Based on what Magaqa says in the video, however, he appears to be clear about his allegiance to the ANC.
He opened up to the gathering, saying it was long overdue for him to be addressing ANC members “after all the things that have happened”, which was greeted with laughter and applause. He was referring to his suspension in 2012 from the ANC for bringing the party into disrepute, on charges that had seen Malema and others, including Floyd Shivambu, expelled.
He said: “When the EFF was formed, I knew the process, and I said to myself, comrades, I can’t give you solutions to the problem you are having.”
Magaqa said he couldn’t tell Malema what to do if he should start his own political party.
“I didn’t have an answer. Because he was expelled in the ANC.”

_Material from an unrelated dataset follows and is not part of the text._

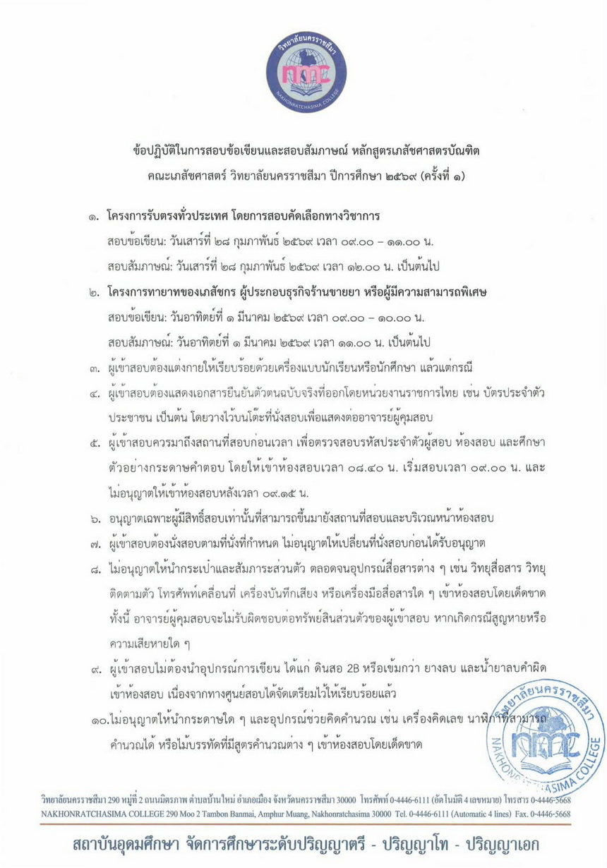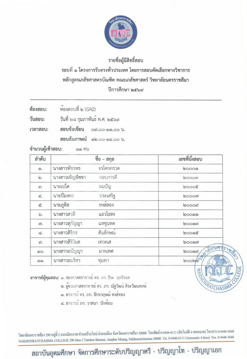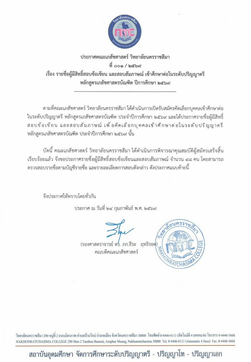 : ประกาศรายชื่อผู้มีสิทธิ์เข้าสอบข้อเขียนและสัมภาษณ์ หลักสูตรเภสัชศาสตรบัณฑิต ปีการศึกษา 2569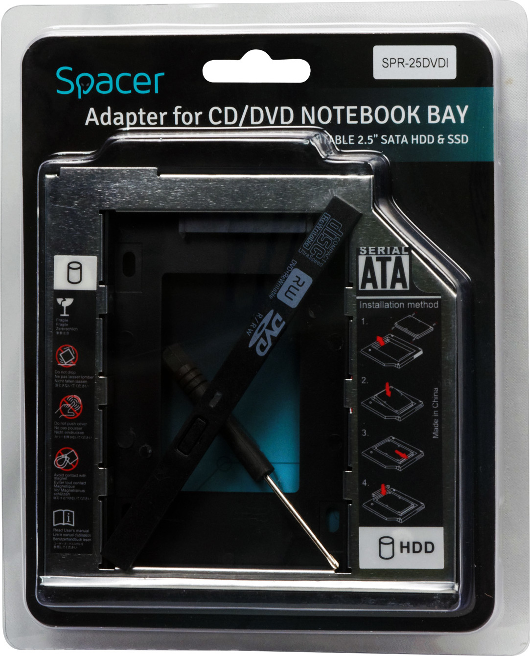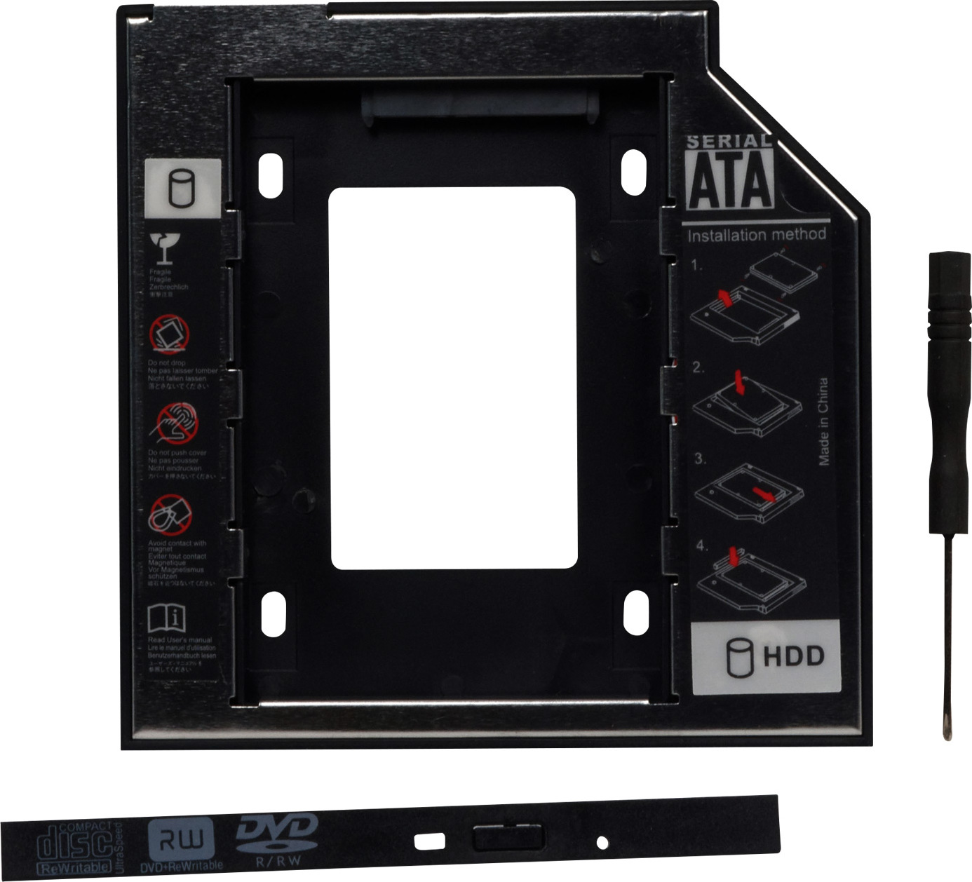 Rack intern SPACER, tip caddy 9.5mm, 5.25 inch la 2.5 inch, S-ATA, interfata PC S-ATA, metal, negru,

Magaqa then went on to pay tribute to the ANC and acknowledge how it had shaped him over his 18 years of membership.
“Because I believed to the ideas of this movement … and this movement has shaped me … this movement has brought me up to be who I am today … this movement has contributed in my life in a manner that today I am a better person than I was before.”
As a result, he said he had wished the EFF well but decided to stay in the ANC because it was all he knew and wanted to know.
He said “if I didn’t associate myself with this wonderful organisation, maybe today I would be a street kid; maybe today I will be a thug; maybe today I will be a useless person that won’t be remembered when he dies”.
He admitted that he knew remaining in the ANC would not be easy as he was likely to be treated with suspicion and victimised.
“But all those things made me to be stronger.” He said he had learnt from his mistakes.
Magaqa admitted the door had been wide open for him to join the EFF and that there had been a time that he had nearly been “persuaded” to go to the EFF.
“If I wanted to go to the EFF I was not going to hide it … I would have went to the EFF … I would have been in parliament, nicely there, wearing red,” he said, to laughter from the audience.
He added that he knew “I was going to be number two in that organisation [the EFF].”
But his commitment to the ANC had been too strong.
“It was my decision. My decision will never be influenced by anyone; it will be influenced by the principles of the ANC, because I worship the ANC.”